In 2013, Sylvester helped Australia and Middlesex batsman Chris Rogers after he was called up to the Ashes squad more than five years after his previous Test. "It became blindingly obvious that his fear of representing his country in the Ashes as an opening batsman was stopping him from moving forward," he says. "Through a deep discussion of how to serve his country he came up with a more compelling reason to doing well than if it was just about him."

Sylvester coached Moeen Ali through a similar process, helping him put his cricket in the context of his faith and his desire to be a role model. The Pakistan batsman Asad Shafiq, who has scored eight Test centuries at No. 6 - a world record - gives an equally compelling reason for his own success: "To bat at No. 6 you have to be patient, as most of the time the tailenders are with you. You have to give them confidence and support."

Shafiq is batting not just for himself, but for Nos. 7, 8, 9, 10 and 11 as well.
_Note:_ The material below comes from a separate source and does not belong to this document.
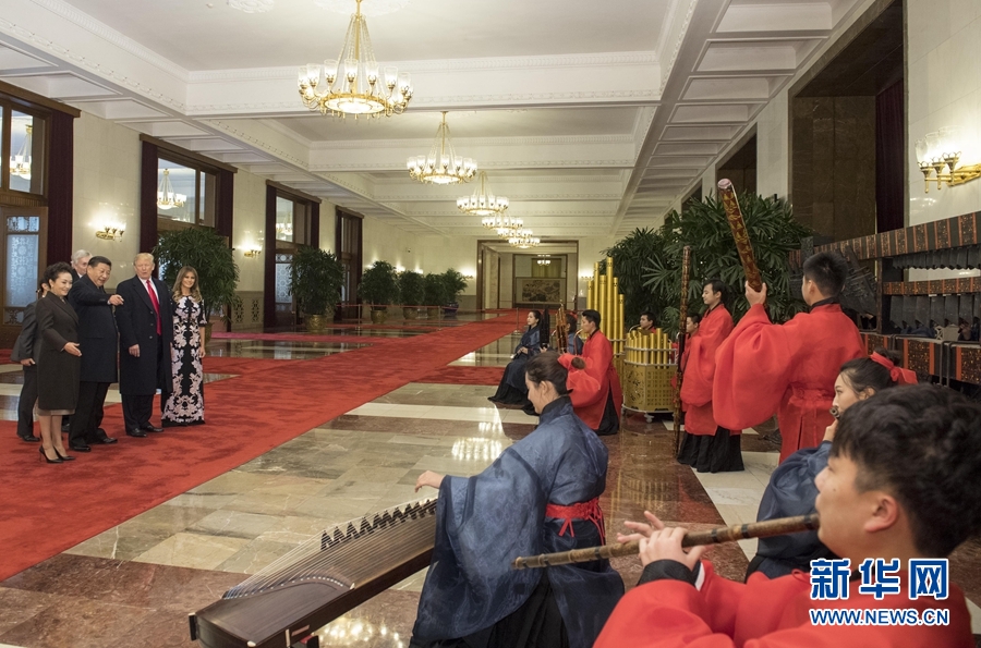 11月9日,國家主席習近平在北京人民大會堂東門外廣場舉行歡迎儀式,歡迎美利堅合眾國總統唐納德·特朗普對中國進行國事訪問。這是習近平和夫人彭麗媛同特朗普夫婦在人民大會堂欣賞文藝表演。新華社記者 李學仁 攝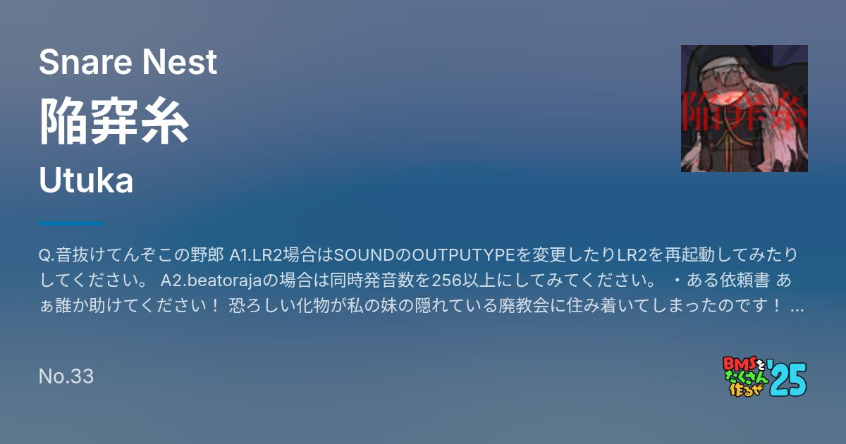 Q.音抜けてんぞこの野郎 A1.LR2場合はSOUNDのOUTPUTYPEを変更したりLR2を再起動してみたりしてください。 A2.beatorajaの場合は同時発音数を256以上にしてみてください。 ・ある依頼書 あぁ誰か助けてください! 恐ろしい化物が私の妹の隠れている廃教会に住み着いてしまったのです! 妹はもう一週間以上帰ってきていません…… 以前アレと戦った者によると炎の類は一切効かず正面から戦ってくるそうです。 妹は"修道女のような恰好"をしています。 どなたか妹を助けてください! 目標:妹と呼ばれる人物の救出 報酬:XXXXXXXXXXXXXXXXXXXXXX 陥穽糸(かんせいいと) [Normal] ☆7周辺 [Hyper] ☆9周辺 [Another]☆12周辺 [蜘蛛糸10000メートル]☆? 当時の私のreadme コレOracleよりも前に作ったのでBMS作った順としては三作目なんですよね、 このreadme書いてる時点でもう東方音弾遊戯も出し終えてて時の流れを感じます。 全体的な譜面傾向としてはLNをメインに据えています、なので全難易度でちょっと乱打は控えめになっています。 未来の私の追記 BOFで2パターン作った内の片方がこれです、両方かなり気に入っているのでどっち出すかかなり悩んだ、 こちらもゴシックな味。 向こうのテーマがベーシックな乱打発狂に対しこちらのテーマはLN譜面となっています。

He epitomises CLR James' portrait in his classic Beyond a Boundary (1963) of the batsman as the ultimate team player. When facing the ball, writes James, he "does not merely represent his side. For that moment, to all intents and purposes, he is his side."
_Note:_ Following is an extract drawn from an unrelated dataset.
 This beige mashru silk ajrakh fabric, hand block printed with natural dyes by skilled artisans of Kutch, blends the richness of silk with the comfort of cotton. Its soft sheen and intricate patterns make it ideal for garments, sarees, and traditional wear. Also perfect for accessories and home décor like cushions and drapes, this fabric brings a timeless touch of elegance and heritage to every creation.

Without doubt, all batsmen can improve their confidence, resilience and other mental attributes if they're willing to practise. "Mental skills are like physical skills," says Bull. "You have to work at them relentlessly. You have to challenge your brain to get better at blocking out the negatives and replacing them with positives."
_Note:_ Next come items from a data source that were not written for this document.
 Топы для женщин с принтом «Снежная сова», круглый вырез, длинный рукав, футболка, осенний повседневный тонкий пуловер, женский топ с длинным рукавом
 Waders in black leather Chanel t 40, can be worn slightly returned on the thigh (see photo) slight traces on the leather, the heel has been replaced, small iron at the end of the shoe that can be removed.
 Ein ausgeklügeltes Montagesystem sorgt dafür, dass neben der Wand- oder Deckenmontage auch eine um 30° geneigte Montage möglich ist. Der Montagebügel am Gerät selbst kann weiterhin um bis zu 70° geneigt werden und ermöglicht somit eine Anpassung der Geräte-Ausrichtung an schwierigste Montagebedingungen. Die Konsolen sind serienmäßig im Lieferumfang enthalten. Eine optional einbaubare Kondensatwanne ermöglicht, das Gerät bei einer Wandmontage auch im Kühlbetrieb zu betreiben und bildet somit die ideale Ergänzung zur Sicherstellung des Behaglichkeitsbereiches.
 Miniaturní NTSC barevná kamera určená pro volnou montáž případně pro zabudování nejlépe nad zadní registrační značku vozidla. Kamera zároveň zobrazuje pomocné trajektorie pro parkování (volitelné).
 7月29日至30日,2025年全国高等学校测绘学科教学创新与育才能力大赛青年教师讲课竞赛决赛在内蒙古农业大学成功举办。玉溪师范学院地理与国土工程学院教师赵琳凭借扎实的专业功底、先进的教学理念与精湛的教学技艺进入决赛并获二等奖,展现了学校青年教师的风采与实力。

Yet it also seems clear that some people are inherently better at this than others. In 2005, Bull carried out a psychological analysis of 12 English cricketers from the previous two decades whom county coaches had identified as the toughest mentally in the country. Among them were Atherton, Graham Gooch and Alec Stewart. Bull found them all to be highly competitive and motivated, full of self-confidence and with a never-say-die attitude, some of which derived from their upbringing, some from the teams they had played with and some from their personality.

For the rest of us, it is comforting to know that we can learn such skills - and that even the greats can struggle at times. Even Don Bradman called batting "a nerve-racking business". In The Art of Cricket (1958), he implores us to give a thought to the batsman's travails as he wends his way to the wicket: "He is human like you, and desperately anxious to do well."